The probability of a response to ESAs in this populations ranges from about 15% to 35%, with patients who have low baseline serum erythropoietin and no or few transfusions most likely to respond.
“On the other hand, patients who come into our clinic who are already dependent on red blood cell transfusions and have a sky-high [erythropoietin] level in the hundreds or even thousands have a very low likelihood of responding to exogenously administered ESAs,” he said.
Patients with no response to ESAs or luspatercept or a loss of response suggestive of disease progression should undergo repeat bone marrow biopsy. Patients who develop deletion 5q should be started on lenalidomide (Revlimid). In these patients, next-generation sequencing may also reveal targetable abnormalities.
For patients with isolated thrombocytopenia, thrombopoietin agonists such as romiplostim or eltrombopag may help to reduce platelet transfusion requirements and clinically significant bleeding events, but these agents come with a very important caveat: in addition to promoting platelet production, thrombopoietin receptor agonists can promote the growth of blasts, which could in turn promote the transformation of MDS to acute myeloid leukemia.
“This is an off-label use of romiplostim for the treatment of MDS with thrombocytopenia, and this drug should never, never, never be given to a patient who has excess blasts at baseline MDS; the same is true of its cousin eltrombopag.” Dr. Sekeres said.
Multlineage dysplasia
Patients with multilineage dysplasia can have good responses to hypomethylating agents, either azacitidine 75 mg/m2 IV or subcutaneously for 3 days every 4 weeks, or decitabine 20 mg/m2 IV for 3 days every 4 weeks.

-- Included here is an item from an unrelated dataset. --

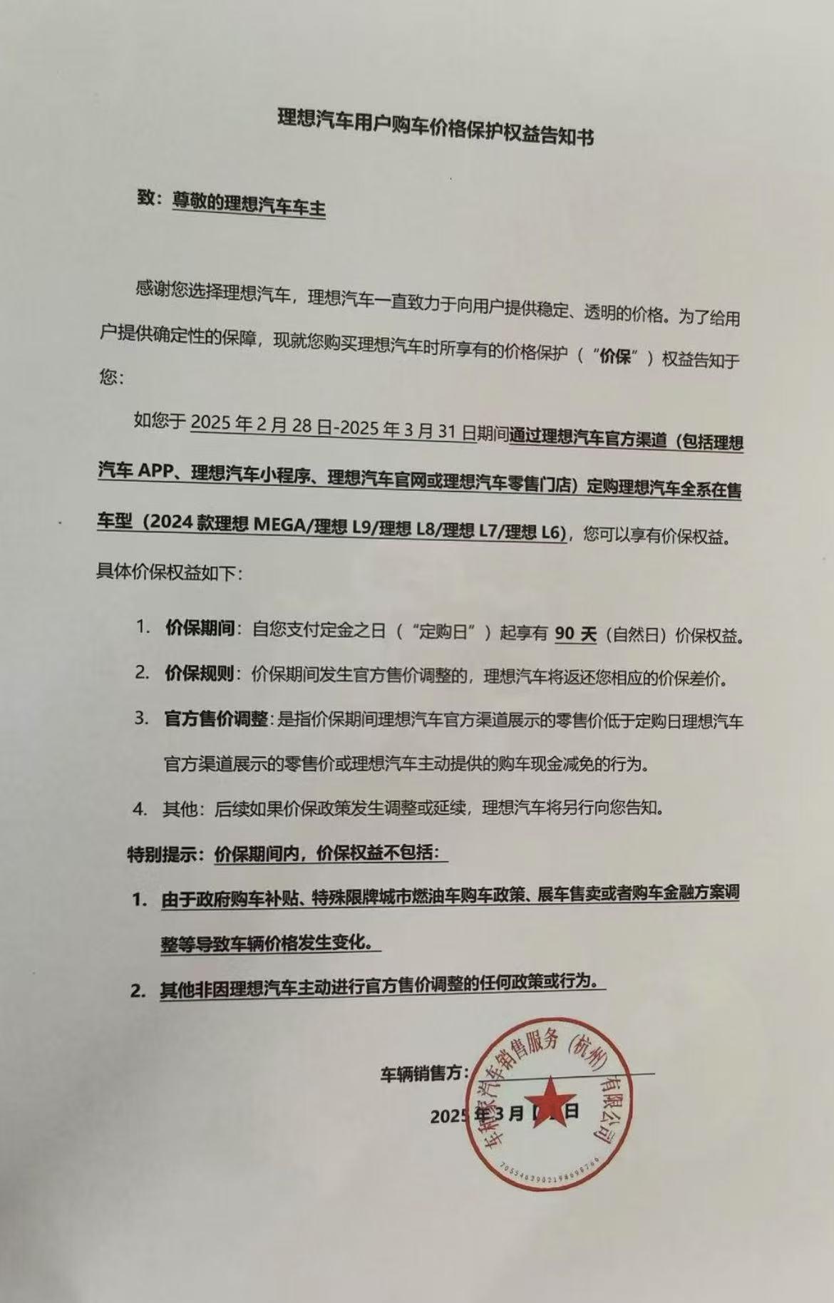 一位车主展示的一份理想汽车保价协议告知书显示,“理想汽车一直致力于向用户提供稳定、透明的价格。为了给用户提供确定性的保障”,对2025年2月28日-2025年3月31日期间通过官方渠道定购理想汽车全系在售车型进行价保。

“Another approach to treating patients with multilineage dysplasia is to consider the use of antithymocyte globulin; in other words, treat these patients as if they have aplastic anemia, because there are some types of MDS in which immune-mediated destruction of bone marrow plays a role,” Dr. Sekeres said.
“This is particularly appealing in patients who have a hyperplastic marrow, or those who have other autoimmune conditions that are going on that may indicate a broader autoimmune process that’s involved in the bone marrow,” he added.
Patients treated with antithymocyte globulin require hospitalization with discharge on steroids for 1 month to prevent serum sickness in response to the treatment, and maintenance on low-dose cyclosporine.
“In MDS, unfortunately, our understanding of the biology of the disease far exceeds what we can do about it, but we’re starting to catch up,” Dr. Sekeres said.
No funding source for the presentation was disclosed. Dr. Sekeres disclosed serving on advisory boards for Celegene/Bristol-Myers Squibb, Takeda/Millenium, and Pfizer.